In early February 2016, she underwent the procedure under Dr Watt's care in the Royal Victoria Hospital.
"What should have taken one hour took 10 hours as I started having tremors and suffered a really bad seizure during it.
"For the next five days I couldn't walk and was in chronic pain. It was then I began to suffer seizures in my sleep."
The young woman was diagnosed with a rare brain disease by Dr Watt, but it is now thought she does not suffer from this.
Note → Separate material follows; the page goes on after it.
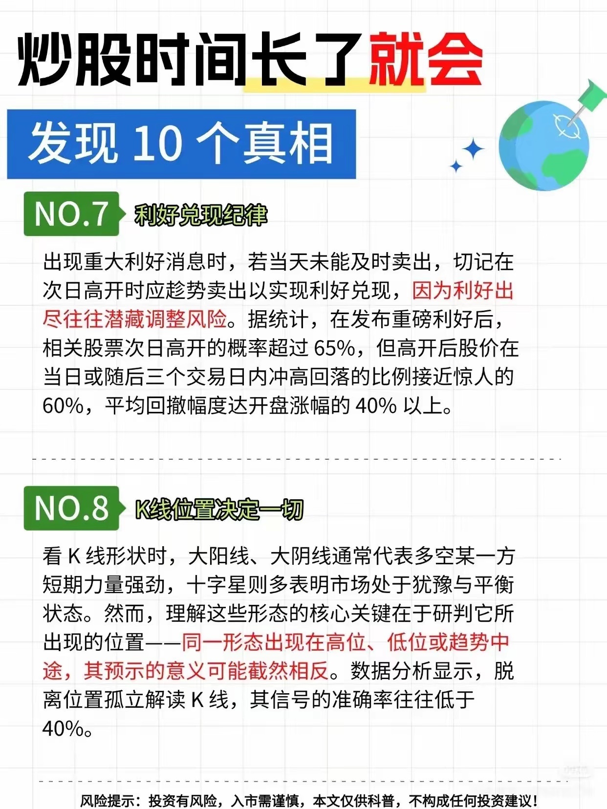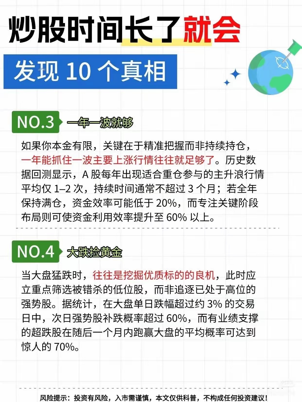 炒股时间长了,会发现的多个个真相!且看图解!炒股时间长了,还真能发现不少真相。就说第一个,长期投资基本立于不败之地。股神巴菲特就说过“从长期来看,股市终将传来好消息”。20世纪美国历经两次世界大战、大萧条等众多危机,道琼斯工业平均指数仍从66点涨到11497点。后来又克服金融危机、疫情等挑战,截至某周四收盘,道指报34912点,离历史高点只差2%。而且不用等百年,从1926年的历史数据看,投资者也能获得正回报。这说明长期投资能穿越各种困境,是在股市积累财富的好办法,别总想着短期暴富,那风险可太大了。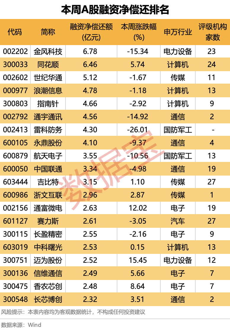 85股融资净偿还额超过1亿元。金风科技、同花顺、世纪华通排名前三,融资净偿还额依次为6.78亿元、6.46亿元、5.12亿元;浪潮信息、指南针、通宇通讯、雷科防务、永鼎股份等融资净偿还均在4亿元以上。

The consultant also advised her against having children.
"It was then I became house bound and started using a walking aid and wheelchair. Nine months after the first epidural blood patch, Dr Watt suggested I went for a second one. My family and partner had major concerns but I wouldn't hear anything against Dr Watt... thankfully I never had it."
Just over four weeks ago the Belfast trust released a statement confirming that 2,500 patients of Dr Watt were being recalled amid concerns some may have been misdiagnosed.
For the north Belfast woman, the timing of the trust's recall was significant as on the same day she received copies of her private medical notes, which she had requested months earlier.
Critically, these confidential patient files reveal that a second high-profile trust neurologist was assessing her case as far back as April 2016.
Her decision to request her notes - which cost £50 - was sparked by a trust letter she received in November last year setting out concerns about whether patients actually "require" planned blood patch treatments.
Belfast trust chiefs have repeatedly said they were not aware of concerns about Dr Watt until December 2016 when a whistleblower GP and some of his colleagues raised the alarm.
"After reviewing my notes I don't think the trust is being as open as they say they are. It took up until May this year before we were recalled and learned about the review into Dr Watt - yet it's clear that another consultant was overseeing his treatment of me much earlier," she said.
The woman was one of the first patients reviewed at the recall clinics set up by the trust.
"The consultant I saw was shocked at the amount of anti-epilepsy drugs I was on and reduced the dosage. I just feel I am back to square one now as I still don't have a diagnosis and I don't know what damage has been done with all the drugs I've been taking.
"My life was going so well before this, I had just got my degree and a job in the assembly and wanted to start a family. But four years on I've become socially isolated and lost my independence. There are days when I cannot get up from a chair.
"The chief medical officer says he feels 'diminished' as a doctor by what has happened. But what about how the patients feel? The way the health service has handled this has only added to my trauma."